Get a clear list of every topic .NET interviewers actually test on:
- C#
- OOP
- Async code, threads and locking
- Optimizations
- ASP .NET Core
- EF Core
- Caching
- Messaging
- Auth and security
- Architecture.
๐ฆ๐๐ฒ๐ฝ ๐ฎ โ ๐ฃ๐ฟ๐ฒ๐๐๐๐ฟ๐ฒ-๐๐ฒ๐๐ ๐๐ผ๐๐ฟ ๐ธ๐ป๐ผ๐๐น๐ฒ๐ฑ๐ด๐ฒ.
Run yourself through the same questions hiring managers ask in real interviews. If you can answer them with confidence, you're ready. If you can't โ you just found the exact gap to close.
๐ฆ๐๐ฒ๐ฝ ๐ฏ โ ๐๐น๐ผ๐๐ฒ ๐๐ต๐ฒ ๐ด๐ฎ๐ฝ๐, ๐ผ๐ป๐ฒ ๐ฏ๐ ๐ผ๐ป๐ฒ.
Stop jumping between random blog posts and half-watched YouTube videos.
Study what matters, in the order it matters, the same way the seniors who got there did it.
That's how:
โณ Juniors stop guessing and start studying with intent.
โณ Mid-levels finally close the gap to senior.
โณ Seniors patch the blind spots before they show up in an architecture review.
I packed the topic map and 200+ real interview questions into a free template (worth $200) so you can start today.
๐Here's how you get it:
1๏ธโฃ Follow me
2๏ธโฃ Like and Comment "beta" below ๐
3๏ธโฃ I'll send the template your way!
4๏ธโฃ Repost
โโ
โป๏ธ Repost to help others get these interview questions
โ Follow me ( @AntonMartyniuk ) to improve your .NET and Architecture Skills
Leave a comment "beta" and I will personally send you a free template (worth $200).
The best developers aren't smarter. They just make fewer bad calls.
We put together a free framework to help you make technical decisions you won't regret. Architecture, stack, scope, all of it.

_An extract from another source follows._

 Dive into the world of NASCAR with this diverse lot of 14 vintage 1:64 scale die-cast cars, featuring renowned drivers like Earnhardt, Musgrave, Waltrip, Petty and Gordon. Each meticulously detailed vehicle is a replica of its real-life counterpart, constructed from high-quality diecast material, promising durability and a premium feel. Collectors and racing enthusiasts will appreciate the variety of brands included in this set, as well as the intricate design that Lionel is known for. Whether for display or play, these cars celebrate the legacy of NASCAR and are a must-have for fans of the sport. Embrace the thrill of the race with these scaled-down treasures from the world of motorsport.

Get it here โ https://t.co/hMd21PaBmb
Most developers optimize for addition, meaning new features, extended functionality, and growing systems.
Good code is easy to remove.
This is such a great tip! ๐งโ๐ป
Shout out to @joncphillips and @denicmarko for providing such useful tips on a daily basis!
If youโre into coding, you should definitely check this out!